The Goals range from halving global poverty and hunger to protecting the environment, improving health and sanitation and tackling illiteracy and discrimination against women.

They were introduced as part of a wider attempt to encourage the international community to stop talking about making a difference in the developing world and join forces to start doing something about it.

Alongside the Goals, a series of 18 targets were also drawn up to give the international community a number of tangible improvements to aim for within a fixed period of time, and also make it easier for them to measure their progress to date.

The intention is that almost all of these targets will be achieved by 2015. Unfortunately, while some significant progress is being made towards meeting some of the targets in some of the affected countries, in many cases progress is patchy, too slow or non-existent.

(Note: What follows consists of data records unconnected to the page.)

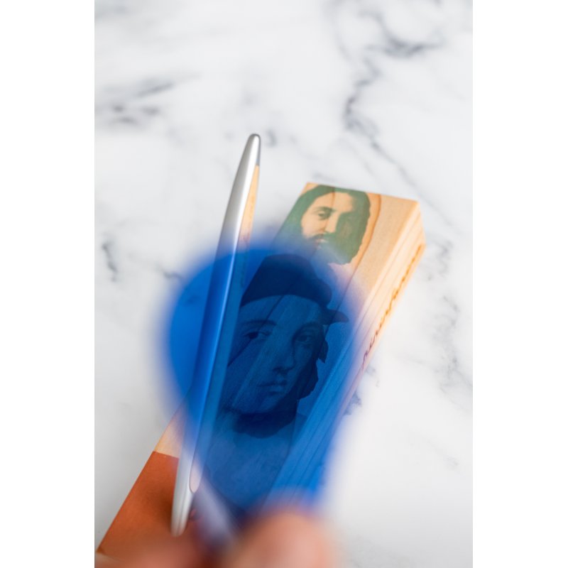 Лимитированная коллекция бренда Pininfarina в память о Рафаэле, одном из трех титанов эпохи Возрождения, приуроченная к 500-летию его смерти. Отличительной особенностью творчества Рафаэля является умение работать с цветом, поэтому дизайнеры бренда Pininfarina создали уникальный дизайн настольной подставки для своей флагманской ручки Cambiano с тремя автопортретами Мастера. Две поляризованные линзы - синего и красного цветов - подчеркивают приверженность Рафаэля к техническим деталям и к виртуозному синтезу всех достоинств живописи в одном произведении. Использование одной из линз проявляет одно изображение и убирает второе. В результате вы можете увидеть три различных дизайна одной коробки. Вечная ручка дизайнерского дома Pininfarina сочетает в себе роскошь и смелые дизайнерские решения. Pininfarina Cambiano - это объединение различных материалов, технологичность и элегантные линии. Вечная ручка имеет необычный пишущий узел в виде наконечника Ethergraf, который изготовлен из сплава металлов по запатентованной технологии. Он не содержит свинец и алюминий, производится вручную итальянскими мастерами и практически не расходуется за десятилетия использования. При соприкосновении с поверхностью бумаги, происходит химическая реакция и наконечник оставляет серебристый след, который напоминает цвет графитового карандаша, но обладает большей стойкостью. Идеально пишет на каменной бумаге. Корпус ручки выполнен из алюминия с вставками из кедрового дерева. Вес ручки 39 гр, длина 16 см. Коробка выполнена из дерева кедра и одновременно является настольной подставкой для ручки.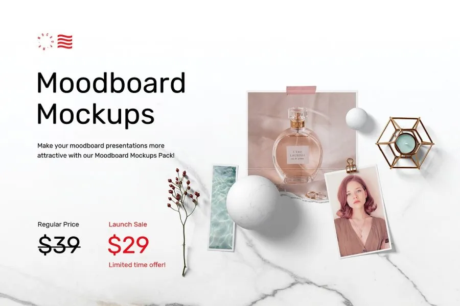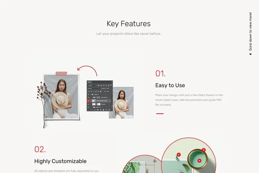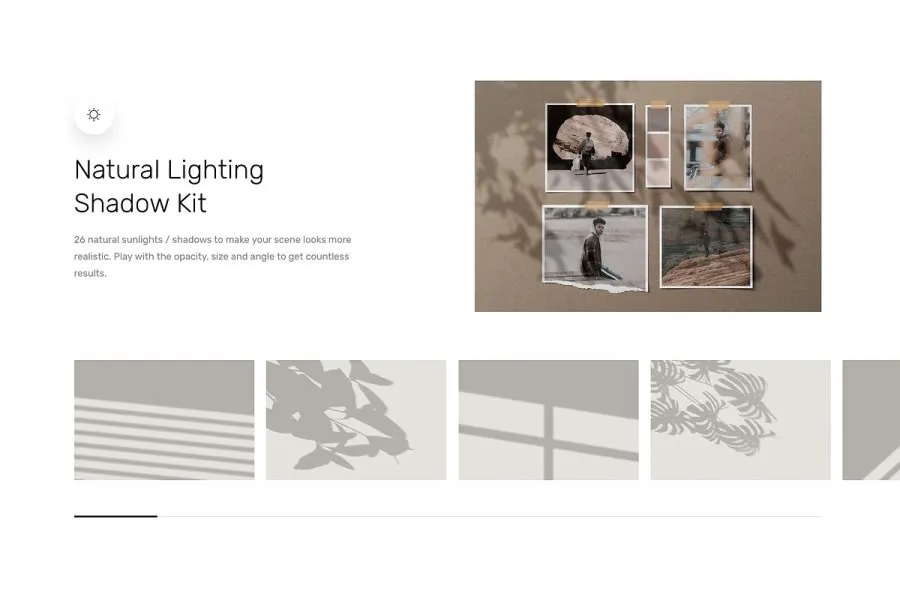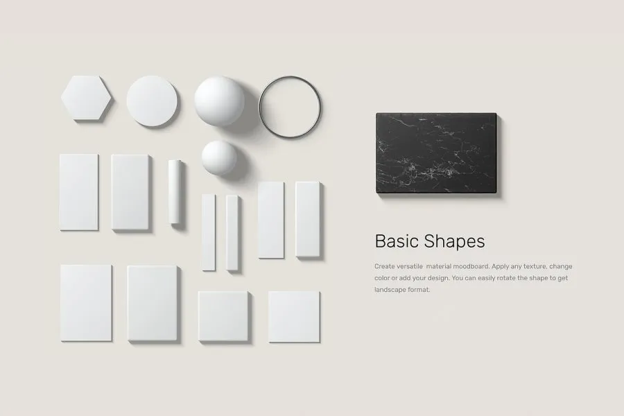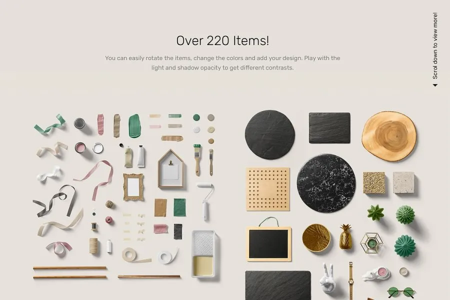 使用我们的情绪板模型场景创建器让您的情绪板演示更具吸引力。您可以轻松旋转项目、更改颜色并添加您的设计。调整光线和阴影的不透明度以获得不同的对比度。为了给您一个更好的开始,我们精心制作了一些可供使用的预制场景。只需将设计替换到智能对象层中,点击保存即可完成。该包带有 26 种自然阳光/阴影,使您的场景看起来更加真实。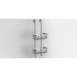 Doucherek Jabon 2 laags chroom, breedte 27cm, diepte 19cm, hoogte 69,5cm. Door de uitsparingen in de onderzijde blijft er geen water in staan.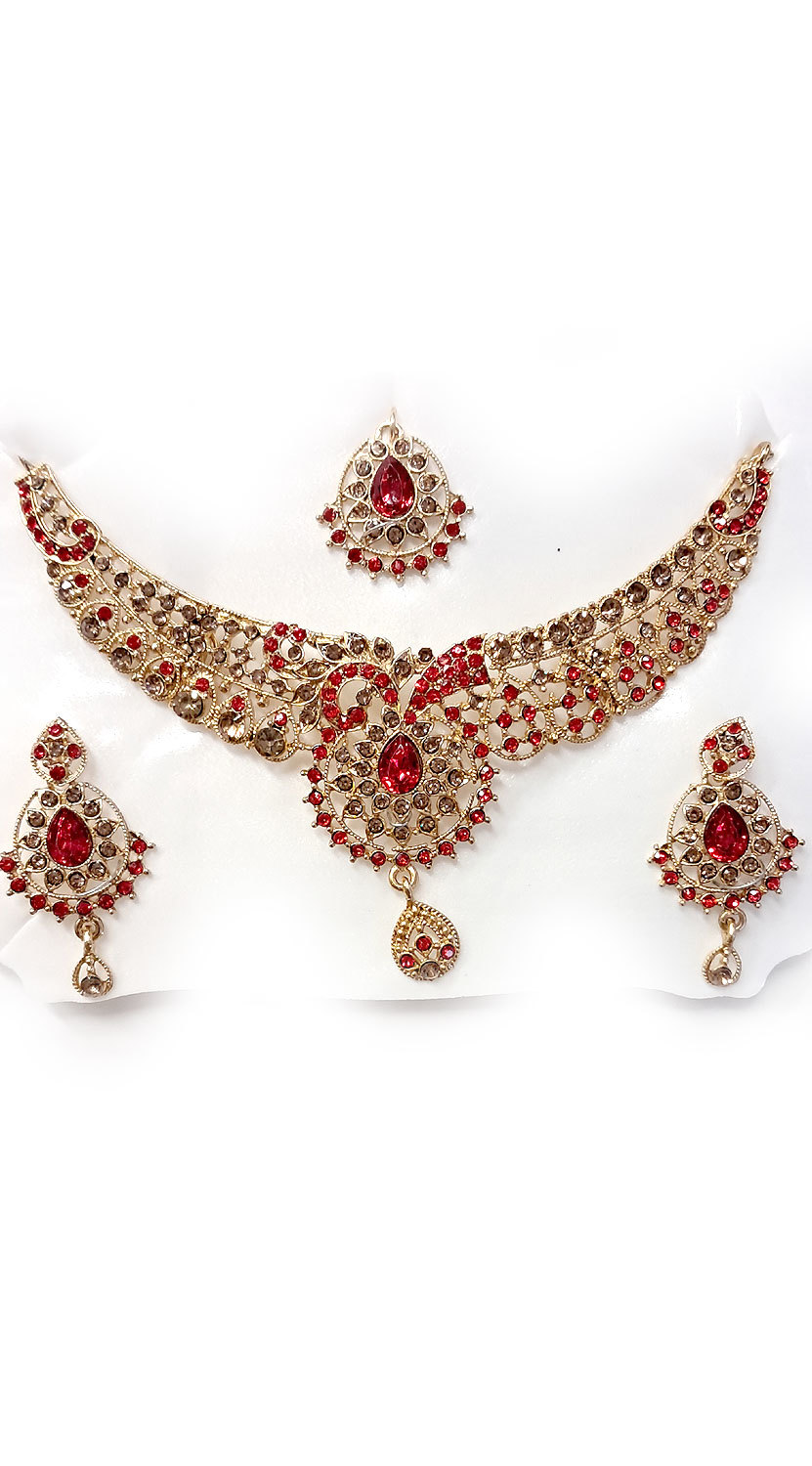 Souprava šperků bollywood za super cenu zlatá barva s červenou ks1897

Although improvements have been made in many areas in Sub-Saharan Africa, for example, the number of people living in poverty there is still greater now than it was in 1990.

Where countries are committed to working together, making the necessary changes and providing adequate resources, a great deal can be achieved in a short space of time.

The Department for International Development (DFID) recognises that the Millennium Development Goals have a crucial part to play in reducing poverty and encouraging progress in the developing world. As a result, DFID has made them the main focus of all of its work.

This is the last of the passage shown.